Source code in quackosm/pbf_file_reader.py
def __init__(
    self,
    tags_filter: Optional[Union[OsmTagsFilter, GroupedOsmTagsFilter]] = None,
    geometry_filter: Optional[BaseGeometry] = None,
    working_directory: Union[str, Path] = "files",
    osm_way_polygon_features_config: Optional[
        Union[OsmWayPolygonConfig, dict[str, Any]]
    ] = None,
) -> None:
    """
    Initialize PbfFileReader.

    Args:
        tags_filter (Union[OsmTagsFilter, GroupedOsmTagsFilter], optional): A dictionary
            specifying which tags to download.
            The keys should be OSM tags (e.g. `building`, `amenity`).
            The values should either be `True` for retrieving all objects with the tag,
            string for retrieving a single tag-value pair
            or list of strings for retrieving all values specified in the list.
            `tags={'leisure': 'park}` would return parks from the area.
            `tags={'leisure': 'park, 'amenity': True, 'shop': ['bakery', 'bicycle']}`
            would return parks, all amenity types, bakeries and bicycle shops.
            If `None`, handler will allow all of the tags to be parsed. Defaults to `None`.
        geometry_filter (BaseGeometry, optional): Region which can be used to filter only
            intersecting OSM objects. Defaults to `None`.
        working_directory (Union[str, Path], optional): Directory where to save
            the parsed `*.parquet` files. Defaults to "files".
        osm_way_polygon_features_config (Union[OsmWayPolygonConfig, dict[str, Any]], optional):
            Config used to determine which closed way features are polygons.
            Modifications to this config left are left for experienced OSM users.
            Defaults to predefined "osm_way_polygon_features.json".
    """
    self.tags_filter = tags_filter
    self.merged_tags_filter = merge_osm_tags_filter(tags_filter) if tags_filter else None
    self.geometry_filter = geometry_filter
    self.working_directory = Path(working_directory)
    self.working_directory.mkdir(parents=True, exist_ok=True)
    self.connection: duckdb.DuckDBPyConnection = None
    self.rows_per_bucket = 1_000_000
    if osm_way_polygon_features_config is None:
        # Config based on two sources + manual OSM wiki check
        # 1. https://github.com/tyrasd/osm-polygon-features/blob/v0.9.2/polygon-features.json
        # 2. https://github.com/ideditor/id-area-keys/blob/v5.0.1/areaKeys.json
        osm_way_polygon_features_config = json.loads(
            (Path(__file__).parent / "osm_way_polygon_features.json").read_text()
        )

    self.osm_way_polygon_features_config: OsmWayPolygonConfig = (
        osm_way_polygon_features_config
        if isinstance(osm_way_polygon_features_config, OsmWayPolygonConfig)
        else parse_dict_to_config_object(osm_way_polygon_features_config)
    )

ConvertedOSMParquetFiles

Bases: NamedTuple

List of parquet files read from the *.osm.pbf file.

ParsedOSMFeatures

Bases: NamedTuple

Final list of parsed features from the *.osm.pbf file.

get_features_gdf(
    file_paths,
    explode_tags=None,
    ignore_cache=False,
    filter_osm_ids=None,
)

Get features GeoDataFrame from a list of PBF files.

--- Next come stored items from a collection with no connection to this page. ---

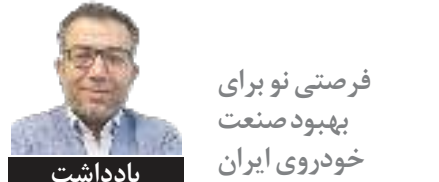
فرصتی نو برای بهبود صنعت خودروی ایران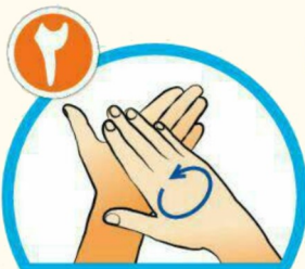
کف دست ها را با هم بشویید.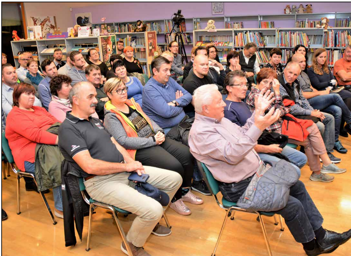
Razen v Občini Žalec, kjer je bila udeležba nekaj več kot 42-odstotna, so se drugod po dolini volivci odzvali nad slovenskim povprečjem, aktivni pa so bili povsod na soočenjih in zborovanjih.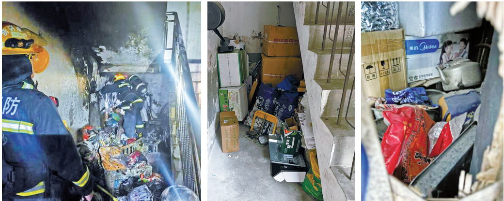
长沙着火点位于一楼楼梯间。 鄞州金家新村9幢一楼楼道堆满杂物。 海曙陶家巷26号楼道内堆满杂物。

纸箱、废弃塑料瓶、纸张、木料……走访中，记者发现一些小区楼道不同程度存在杂物乱堆放现象，安全隐患明显。虽然很多小区张贴有禁止堆放杂物的告示，但不少居民对这个告示熟视无睹。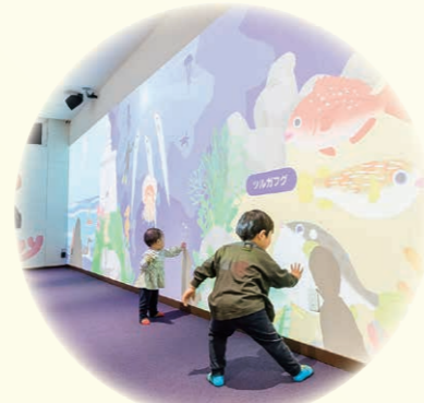
▲つるがワンタッチ かわ、はまべ、うみの3つのシーンを通して、敦賀で見られる生き物に触れよう。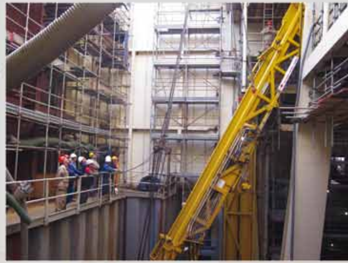
Installation of "Vertical Pipe Chute" on SAIPEM "SCARABEO 8" drilling rig (Fincantieri Palermo shipyard)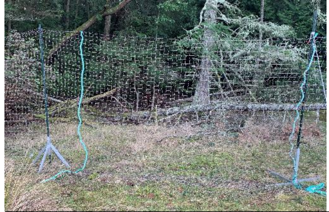
Figure 2 : Filet dans une zone ouverte, fixé à l'aide de poteaux autoportants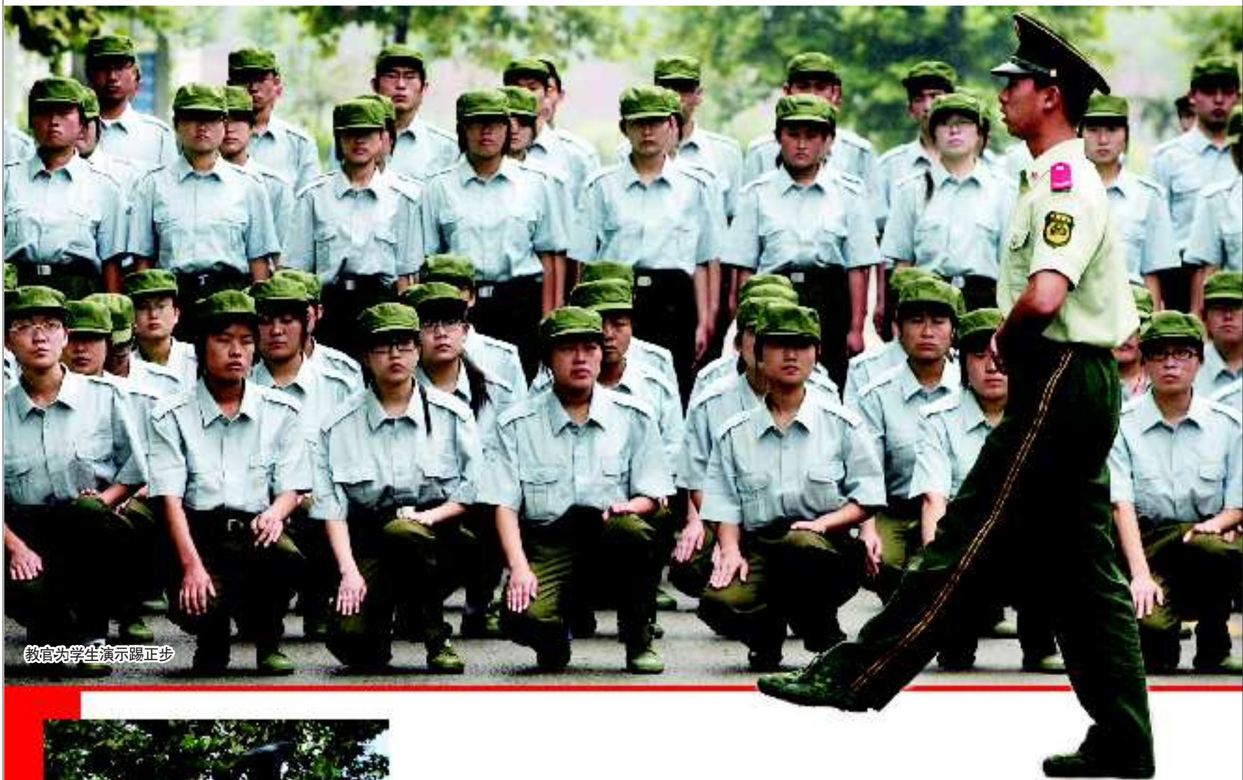
教官为学生演示踢正步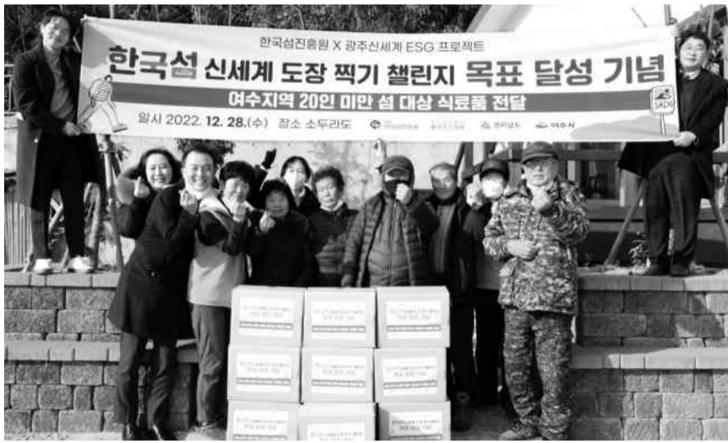
광주신세계 직원들이 28일 여수 소두라도를 찾아 '한국 섬 신세계 도장 찍기 챌린지' 목표 달성을 기념한 기념으로 주민에게 친환경 제품을 선물하고 있다.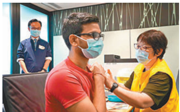
▲ 外展隊首次出動為德勤會計師事務所職員接種疫苗。公務員事務局局長聶德權(上圖左)到場了解。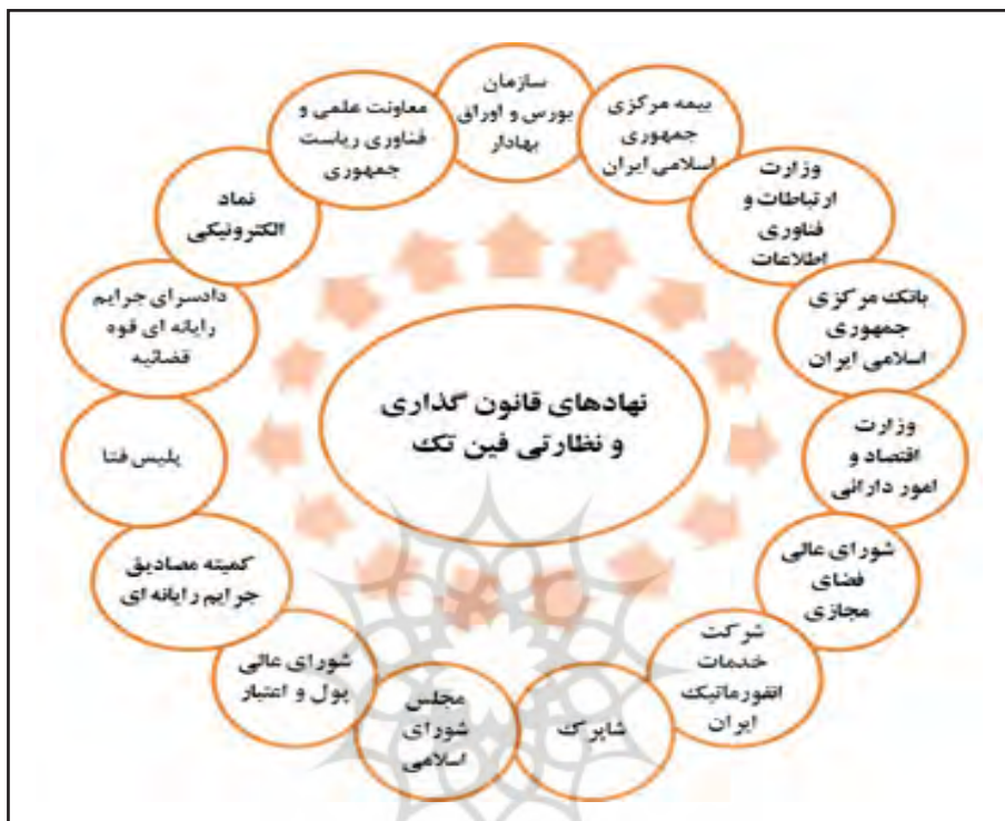
نمودار (۲): نهادهای مؤثر بر سیاست‌گذاری، قانون‌گذاری و نظارت بر فین تک‌ها

علاوه بر قوانین مذکور، پایگاه‌های اطلاعاتی برخی از نهادهای مهم و مؤثر در عرصه رگولاتوری در اقتصاد و کسب‌وکار نیز شناسایی و اسناد مرتبط با پژوهش حاضر مطالعه گردیدند (نمودار (۲)).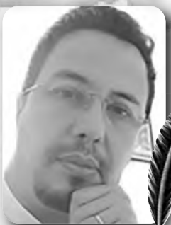
بقلم: حسان زهار

Function parses multiple PBF files and returns a single GeoDataFrame with parsed OSM objects.

PARAMETER DESCRIPTION
file_paths

Path or list of paths of *.osm.pbf files to be parsed.

TYPE: Union[str, Path, Iterable[Union[str, Path]]]

explode_tags

Whether to split tags into columns based on OSM tag keys. If None, will be set based on tags_filter parameter. If no tags filter is provided, then explode_tags will set to False, if there is tags filter it will set to True. Defaults to None.

TYPE: bool DEFAULT: None

ignore_cache

(bool, optional): Whether to ignore precalculated geoparquet files or not. Defaults to False.

TYPE: bool DEFAULT: False

filter_osm_ids

(list[str], optional): List of OSM features ids to read from the file. Have to be in the form of 'node/', 'way/' or 'relation/'. Defaults to an empty list.

TYPE: Optional[list[str]] DEFAULT: None

RETURNS DESCRIPTION
GeoDataFrame

gpd.GeoDataFrame: GeoDataFrame with OSM features.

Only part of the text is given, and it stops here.